Ella asintió escuetamente con la cabeza, y se pusieron en camino a paso vivo.
El
pub
Lamb, en el 93 de Lamb’s Conduit Street, era una taberna clásica, a la antigua, con maderas antiguas, paredes de color marrón ahumado y una barra ornamentada, en forma de U, que todavía conservaba en su parte superior las antiguas pantallas llamadas
snob screens
, que podían desplegarse para que un cliente pudiera tener una cierta intimidad. Su ambiente oscuro estaba cargado de los aromas sabrosos de las buenas cervezas rubias y morenas.
Eva, aliviada por haber salido a salvo de la calle, se lavó la cara en el baño y se instaló en un banco corrido al fondo. Observó a Judd Ryder, con su larga figura, que, apoyado en la barra, inspeccionaba la sala mientras esperaba a que le sirvieran las bebidas. Los parroquianos se apiñaban alrededor de la barra, apoyando los zapatos en el apoyapiés del suelo. Ryder y ella solo habían llamado la atención durante un instante, y ahora no la miraba nadie, ni siquiera Ryder.
Si había aprendido algo en la cárcel era que para sobrevivir había que ser desconfiado. Ryder había dejado su chaquetón en el asiento de cuero. Ella le registró los bolsillos interiores. Había un par de rotuladores, el espejito, una barra de muesli, un fajo grueso de billetes y un horario de trenes del metro de Londres. Volvió a dejar todo en su sitio, salvo el horario de trenes, y cuando se disponía a comprobar si él había anotado algo en él, Ryder tomó de la barra la bandeja del té de ella. Ella volvió a echar al instante el horario de trenes en el bolsillo interior del chaquetón.

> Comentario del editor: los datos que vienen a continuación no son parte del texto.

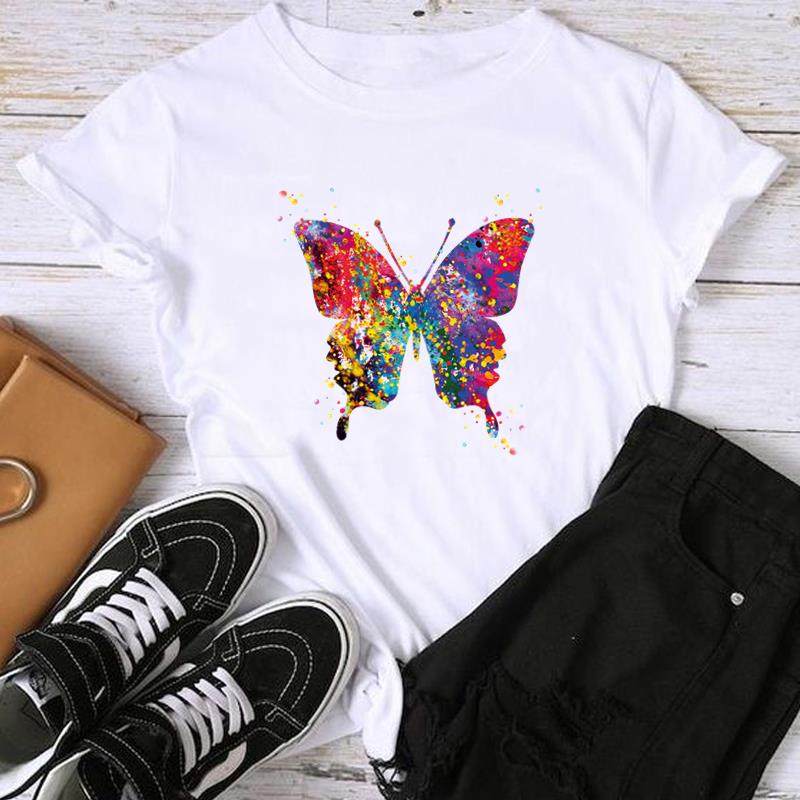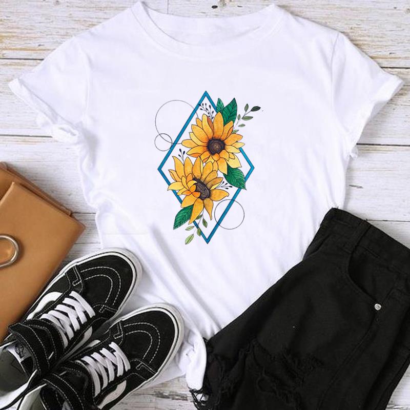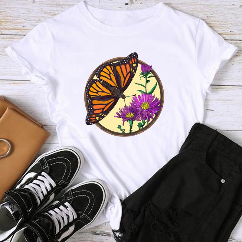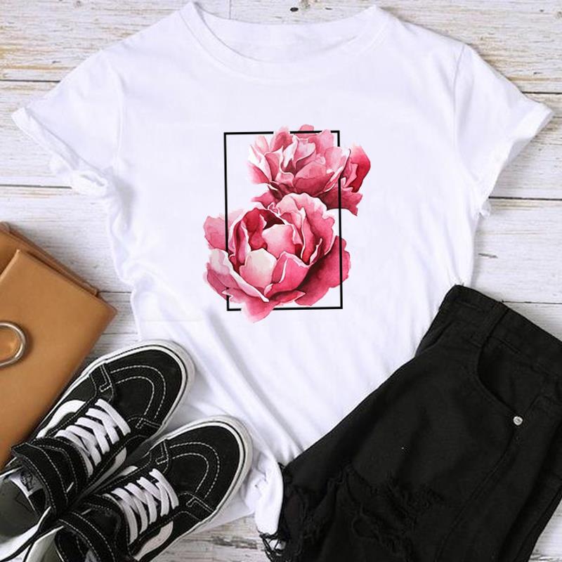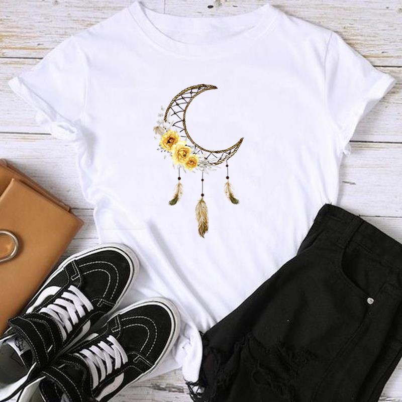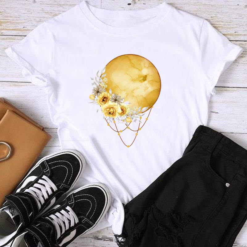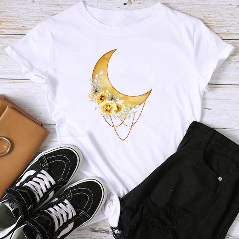 Женская женская футболка с азиатским размером и принтом T Moon в винтажном цветочном стиле, повседневная женская летняя футболка с графическим принтом, модная футболка с коротким рукавом

Él caminó hacia ella a pasos largos. Llevaba pantalones vaqueros, un polo azul oscuro y una chaqueta de pana suelta. Eva no llegaba a apreciar la sobaquera en la que llevaba la pistola. Su cara, de fuertes mandíbulas, estaba curtida y tenía una rudeza de hombre que vive al aire libre, como si se la hubiera formado más la vida que la herencia biológica. Tenía las manos grandes y hábiles, pero sus ojos grises oscuros eran inescrutables. Era atlético, y estaba claro que entendía de karate; de lo contrario, no habría sido capaz de esquivar el golpe de ella. Bien podía estar diciéndole la verdad… o no.
Disimuló su tensión y sonrió.
—Gracias. Tiene un aroma delicioso.
—Té lapsang souchong, como me pidió. Leche caliente, y una taza también caliente —dijo él, dejando la bandeja en la mesa—. Beba. Está temblando.

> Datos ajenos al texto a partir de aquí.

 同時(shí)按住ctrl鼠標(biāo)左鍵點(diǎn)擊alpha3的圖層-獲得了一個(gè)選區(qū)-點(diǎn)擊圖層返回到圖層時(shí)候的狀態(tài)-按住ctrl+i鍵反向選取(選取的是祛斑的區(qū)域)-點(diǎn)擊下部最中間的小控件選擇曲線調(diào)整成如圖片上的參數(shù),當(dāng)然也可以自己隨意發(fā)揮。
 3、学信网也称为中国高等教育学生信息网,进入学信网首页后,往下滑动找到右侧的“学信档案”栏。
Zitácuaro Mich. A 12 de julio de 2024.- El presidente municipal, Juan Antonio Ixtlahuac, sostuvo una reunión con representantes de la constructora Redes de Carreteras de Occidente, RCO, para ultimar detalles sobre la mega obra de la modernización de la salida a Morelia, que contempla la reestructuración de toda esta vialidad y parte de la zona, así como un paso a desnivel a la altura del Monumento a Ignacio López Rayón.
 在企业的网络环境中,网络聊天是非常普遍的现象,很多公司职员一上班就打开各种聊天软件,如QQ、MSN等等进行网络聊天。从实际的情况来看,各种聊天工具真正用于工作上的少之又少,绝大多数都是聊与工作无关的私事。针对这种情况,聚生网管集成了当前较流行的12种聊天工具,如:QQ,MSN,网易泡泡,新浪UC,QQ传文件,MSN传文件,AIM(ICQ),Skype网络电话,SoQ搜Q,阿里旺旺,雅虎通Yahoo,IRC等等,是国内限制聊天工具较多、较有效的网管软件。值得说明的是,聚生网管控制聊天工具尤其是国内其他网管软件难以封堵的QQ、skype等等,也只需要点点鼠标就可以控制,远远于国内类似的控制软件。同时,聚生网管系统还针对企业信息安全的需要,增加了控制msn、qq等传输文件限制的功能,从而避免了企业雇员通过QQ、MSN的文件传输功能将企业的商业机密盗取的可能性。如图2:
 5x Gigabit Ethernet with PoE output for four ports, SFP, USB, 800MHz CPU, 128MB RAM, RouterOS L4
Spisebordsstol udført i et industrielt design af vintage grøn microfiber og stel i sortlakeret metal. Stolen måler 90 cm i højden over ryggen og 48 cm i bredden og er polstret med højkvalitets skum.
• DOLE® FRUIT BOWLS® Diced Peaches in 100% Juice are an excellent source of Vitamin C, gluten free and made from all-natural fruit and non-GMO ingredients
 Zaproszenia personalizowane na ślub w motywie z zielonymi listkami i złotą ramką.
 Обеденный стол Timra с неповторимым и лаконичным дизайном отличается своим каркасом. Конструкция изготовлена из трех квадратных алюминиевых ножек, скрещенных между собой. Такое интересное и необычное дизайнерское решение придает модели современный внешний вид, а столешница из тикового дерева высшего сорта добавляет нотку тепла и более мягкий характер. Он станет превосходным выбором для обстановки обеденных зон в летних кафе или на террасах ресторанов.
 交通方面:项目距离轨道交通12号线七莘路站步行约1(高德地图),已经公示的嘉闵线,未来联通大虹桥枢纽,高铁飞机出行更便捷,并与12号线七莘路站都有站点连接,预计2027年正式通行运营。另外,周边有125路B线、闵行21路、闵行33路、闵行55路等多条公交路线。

Cuando él volvió a la barra para recoger su cerveza negra, ella sacó de nuevo el horario de trenes y lo inspeccionó. No tenía señales ni notas. Examinó a continuación los bolsillos exteriores del chaquetón. Frunció el ceño al descubrir el lector electrónico de un dispositivo de seguimiento de algún tipo. Era un pequeño ordenador de mano con GPS, semejante a los que había montado ella en la fábrica de artículos electrónicos de la prisión. Aquellos dispositivos servían para controlar la situación de cualquier cosa, y el aparato lector indicaba la información que transmitía el chip.